Maran cites the Gemara * that says that there is a rule of nature that after 12 months people are able to start overcoming the loss of a loved one; once 12 months past, we no longer feel the same sense of loss and are able to move forward. The Gemara points out that the reason Yaakov Avinu can never stop crying about the loss of his beloved son Joseph, even though Yaakov Avinu thought he was dead, is because this law of nature did not apply. Since Joseph was really alive, he was not able to be forgotten.

This rule sheds light on how and why we mourn the loss of Beit Hamikdash. As long as we are crying, grieving, and lamenting the loss of Beit Hamikdash- Hacham Ovadia explains- that is a clear sign that the Beit Hamikdash will be rebuilt. Just like Yaakov Avinu who never stopped shedding tears over the loss of his son Joseph, if we refuse to be comforted and continue to be inconsolable over the loss of the Beit Hamikdash there is still hope.

This is why the Gemara says in the present tense “he who mourns the loss of Beit Hamikdash merits to see in its reconstruction”, in the present tense, because the very process of grieving and bemoaning the loss of Beit Hamikdash, offers hope for its reconstruction. On the other hand, for he who eats and drinks on Tisha Be’Av and does not mourn the loss of the Beith Hamikdash, the Gemara uses future tense since that person will not see the full reconstruction in the future; needless to say that, this person see no hope in the present either.

The story has it that when French emperor Napoleon Bonaparte (1769-1829), was traveling through Russia, in his long journey of conquest, he passed through a small town.

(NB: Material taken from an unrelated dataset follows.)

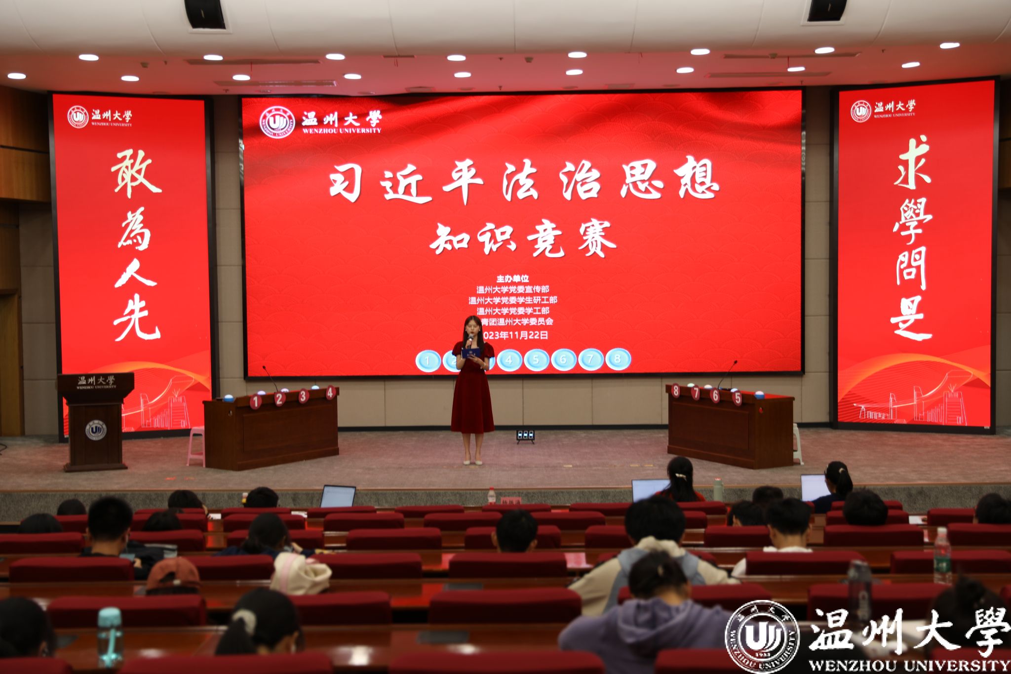 习近平法治思想知识竞赛自预热宣传时期就受到同学们的广泛关注,来自全校各个av天堂 的同学们共同掀起了一场学习习近平法治思想的热潮,来自各个av天堂 近350余名同学参加了知识竞赛初赛。经过初赛的交锋,24名同学脱颖而出,于11月22日在育英图书馆二楼报告厅展开终极对决。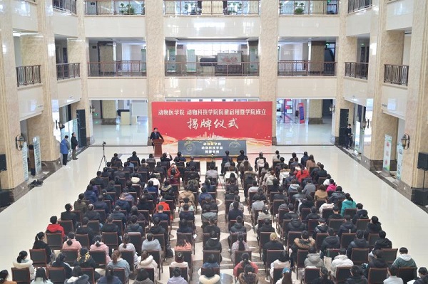 、动物医学院在龙子湖校区举行院徽启用暨学院成立揭牌仪式。中国工程院院士、校长张改平,副校长尚富德出席仪式,校长办公室等职能部门负责人、学院师生代表参加仪式。仪式由尚富德主持。

As he was walking by one of the Synagogues, he heard people voices whimpering with sadness and agony. He asked someone what was going on in there. The response he got was that, that night was the night of Tisha Be’av and that the Jews were crying about the loss of their Temple. “How recently was this Temple destroyed?” Napoleon asked. When he was told that it was  almost two thousand years ago, Napoleon responded:” a people who can mourn the loss of their Temple 2000 years ago, will surely be around in another 2000 years!”

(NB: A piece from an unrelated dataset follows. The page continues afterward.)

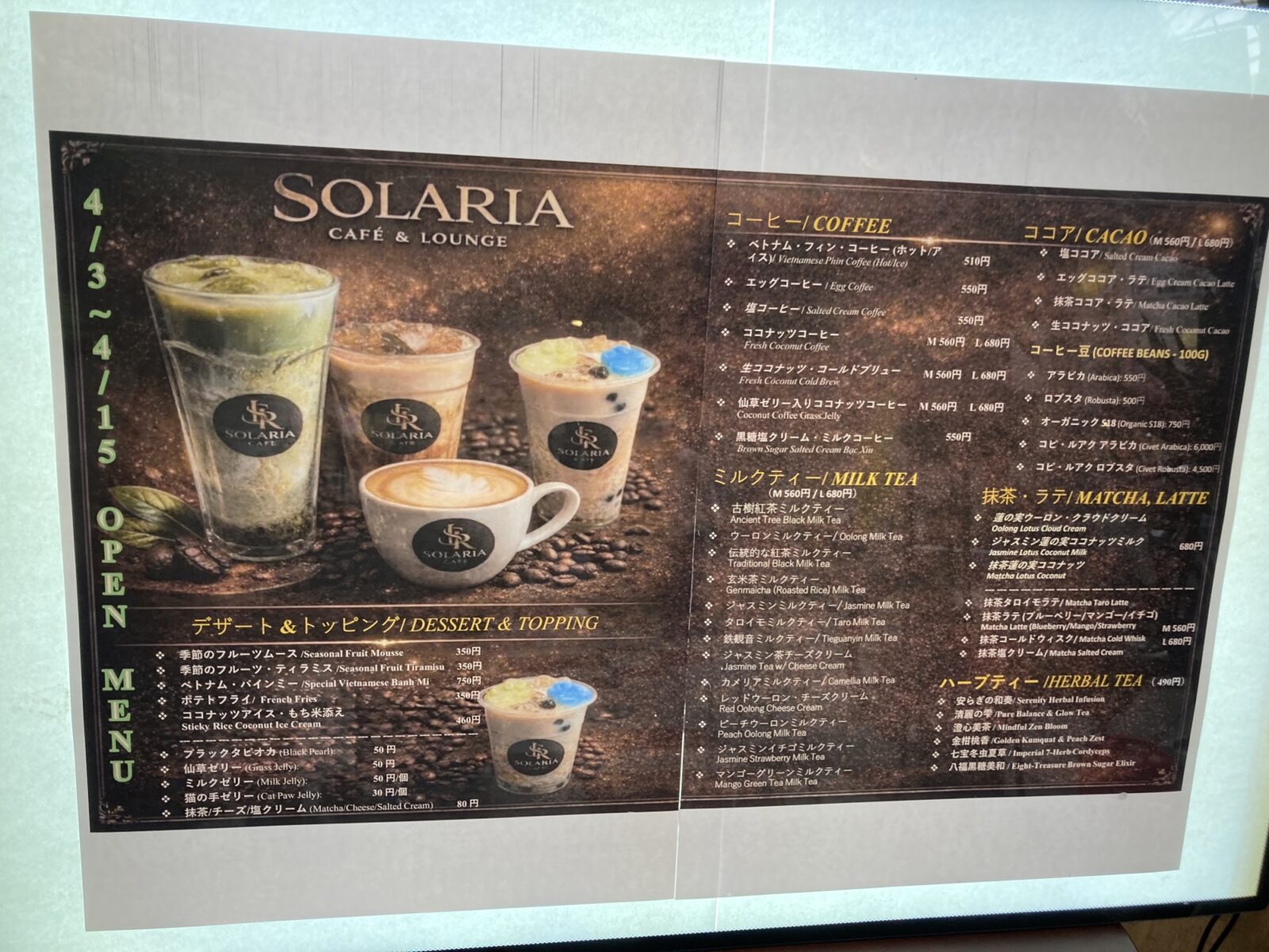 十三元今里商店街(十三もといまロード商店街)にベトナム珈琲を中心とした様々な珈琲やドリンクが楽しめるカフェ&ラウンジ「SOLARIA Cafe&Lounge(ソラリア カフェアンドラウンジ)」さんが2026年4月上旬より新たにオープンしています!

One of the most moving scenes I have ever seen, is that of Maran Hacham Ovadia, mourning the loss of the Beit Hamikdash. In a video, available to all on YouTube, one can see Maran speaking about the destruction of the Beit Hamikdash in a Halacha shiur. Suddenly, without intending to do so, when speaking about the halachot of mourning for the Beit Hamikdash, Maran’s voice chocks up, tears start streaming down his cheeks, and he bursts out crying for the Beit Hamikdash. There is not a better example of how personally we can take the destruction of the Beit Hamikdash and that, that very same agony, is what offers us hope, for the continuity of the Jewish people.